What you produce should be the lines from the line containing "A detailed image" through the last line below, both ends included, reproduced exactly and without pictures.

# [Information provided]
*** Begin section ***

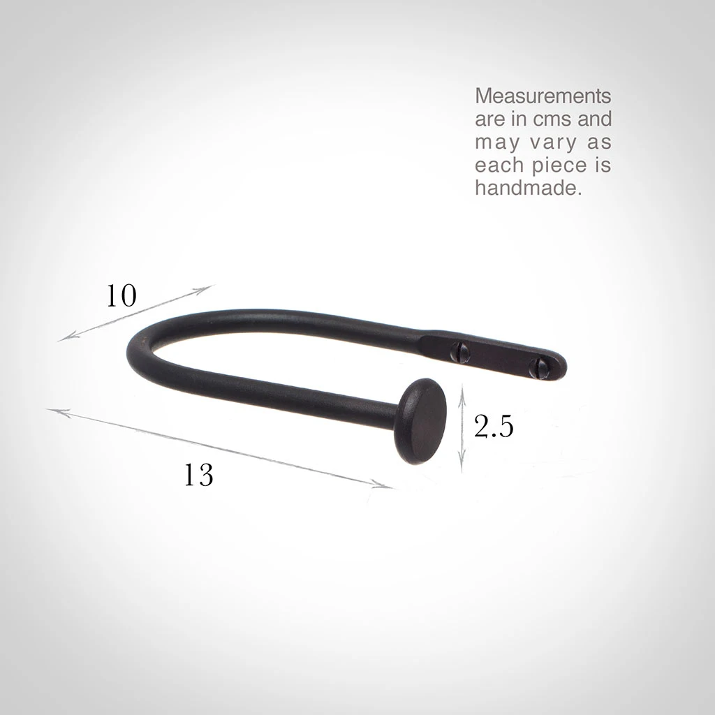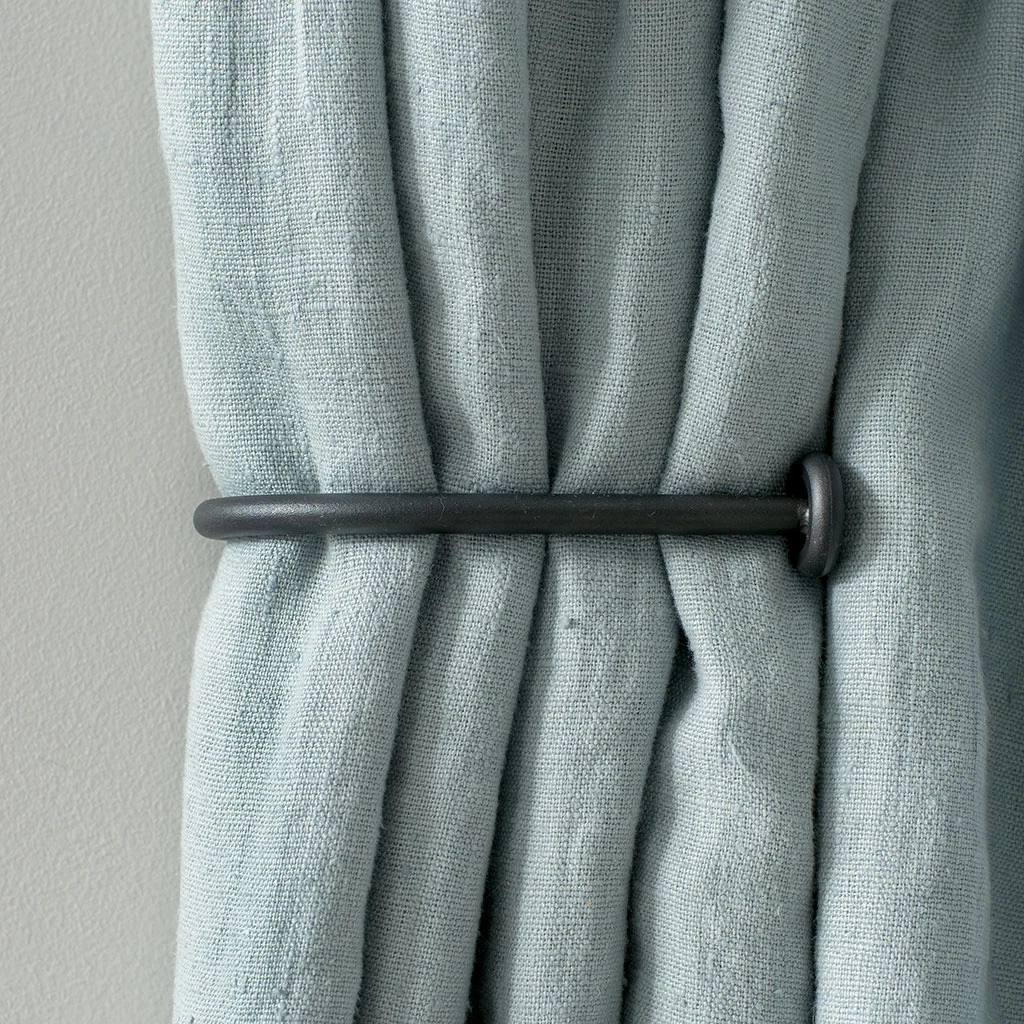 A hand forged, solid steel holdback to match our Button finial. The holdbacks are available in two sizes: this smaller holdback is generally recommended where there is only one width of fabric in the curtain (or more if it is a very light, unlined fabric).
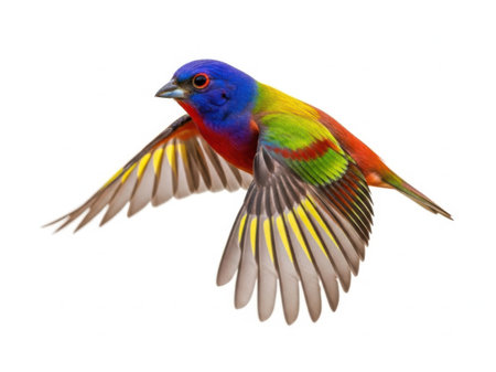 A detailed image of a vibrant bird in mid-flight, showcasing a spectrum of colors including blue, green, red, and yellow. The bird is isolated against a clean, white background, making it the focal point of the image. This high-quality photograph is perfect for nature enthusiasts and bird lovers.
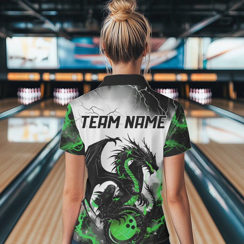 Black And Green Thunder Lightning Custom Dragon Bowling Women Polo Shirts, Bowling Uniform IPHW8696
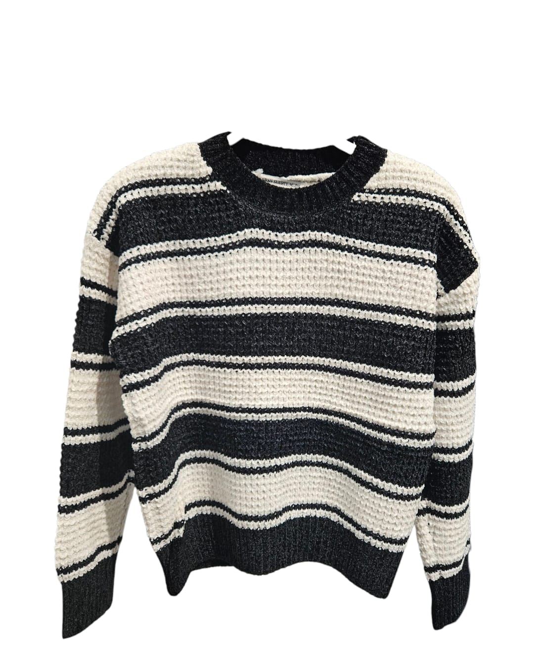 Suave, cómodo y versátil, el Jersey Rayas Marina es la prenda perfecta para tus looks casuales. Con un diseño de rayas en tonos azul y blanco, aporta frescura y estilo atemporal a tu outfit.

*** End section ***

# [Task output]
 A detailed image of a vibrant bird in mid-flight, showcasing a spectrum of colors including blue, green, red, and yellow. The bird is isolated against a clean, white background, making it the focal point of the image. This high-quality photograph is perfect for nature enthusiasts and bird lovers.
 Black And Green Thunder Lightning Custom Dragon Bowling Women Polo Shirts, Bowling Uniform IPHW8696
 Suave, cómodo y versátil, el Jersey Rayas Marina es la prenda perfecta para tus looks casuales. Con un diseño de rayas en tonos azul y blanco, aporta frescura y estilo atemporal a tu outfit.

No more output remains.